Lili Grünewald:
Ästhetik des Zerfalls, Eisenoxide auf Seide
In der Weltkulturerbe-Stadt Quedlinburg musste bei der Sanierung eines jeden Hauses Schritt für
Schritt immer wieder neu entschieden werden, was zum Schutz des kulturellen Erbes erhalten
werden sollte und was zu Gunsten der Anforderungen eines heutigen Lebens endgültig dem Verfall
preisgegeben werden musste.
Nicht selten fand man zu einem Kompromiss indem man den Weg der Kreativität beschritt.
So wurde z.B. eine „Schwarze Küche“ (d.h. offene Feuerstelle), die im heutigen Leben ihren
ursprünglichen Zweck nicht mehr erfüllen kann (oder darf), nicht einfach beseitigt. Statt dessen
fand sie eine neue Bedeutung als archaisch ästhetisches Element in der Gestaltung heutiger
Wohnräume oder als Teil eines den neuesten Bestimmungen gerecht werdenden Lehmbauofens.
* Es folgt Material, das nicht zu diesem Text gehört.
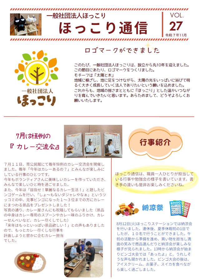 ☆最新号☆【ほっこり通信 No.27(令和7年11月発行)】
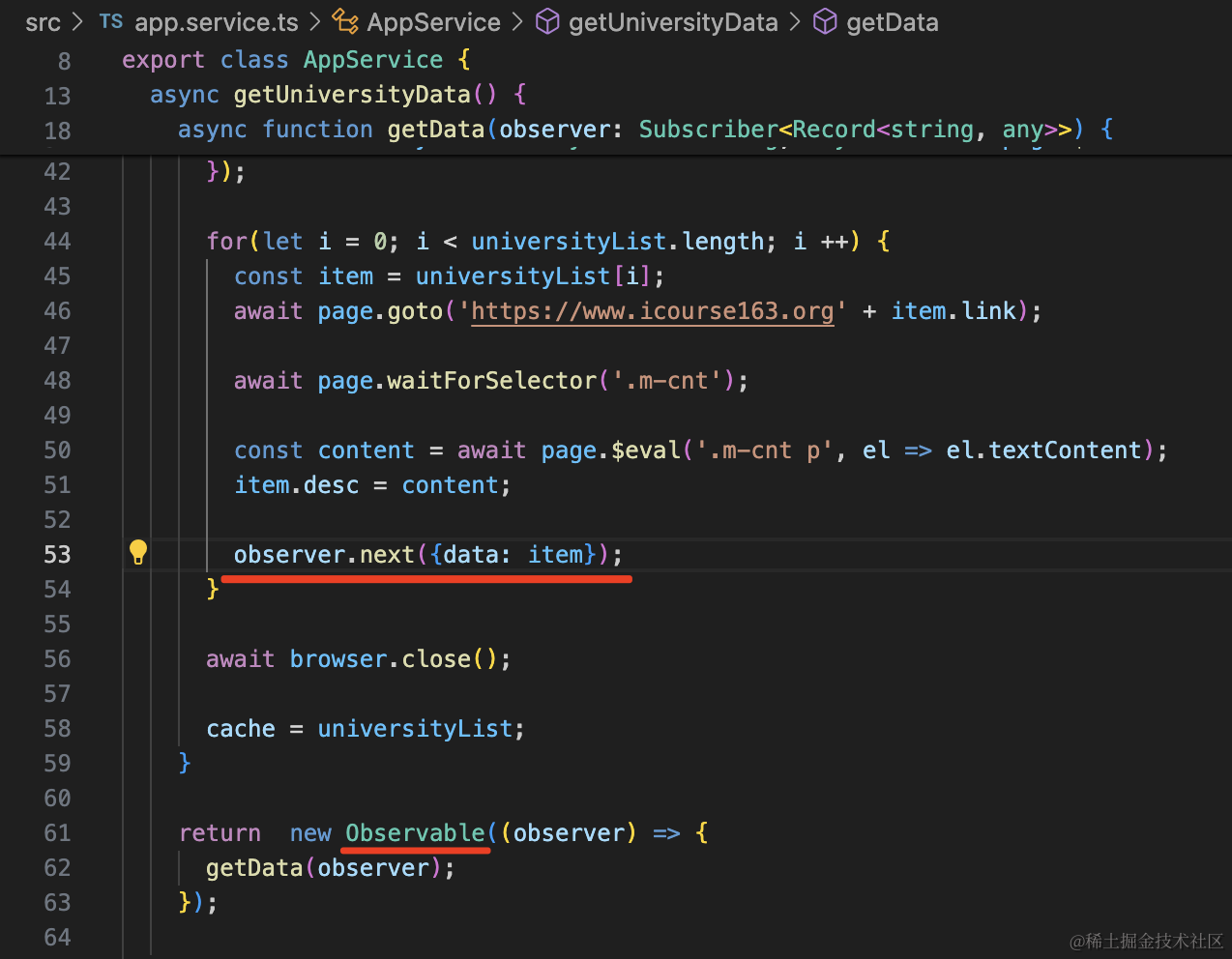 主要是返回一个 rxjs 的 Observable 然后不断用 observer.next 返回数据。

Bei der Aufarbeitung der Wände wurden die früheren Schichten nicht immer vollständig entfernt
und durch neue ersetzt. Mitunter ließ man unterschiedliche historische Schichten nebeneinander
stehen und konservierte oder ergänzete sie. So entstand ein feines ästhetisch ansprechendes Relief,
welches den über Jahrhunderte hinweg real entstandenen historischen Farbschichten eine neue
Bedeutung gab: sie waren zu einem abstrahierten Abbild der Geschichte selbst geworden.
In dieser Tradition steht auch das Tuch. Auf ihm fanden Verfallsspuren durch Korrosion von Eisen -
einfach ausgedrückt „Rostflecke“ - zu einem neuen ästhetischen Ausdruck.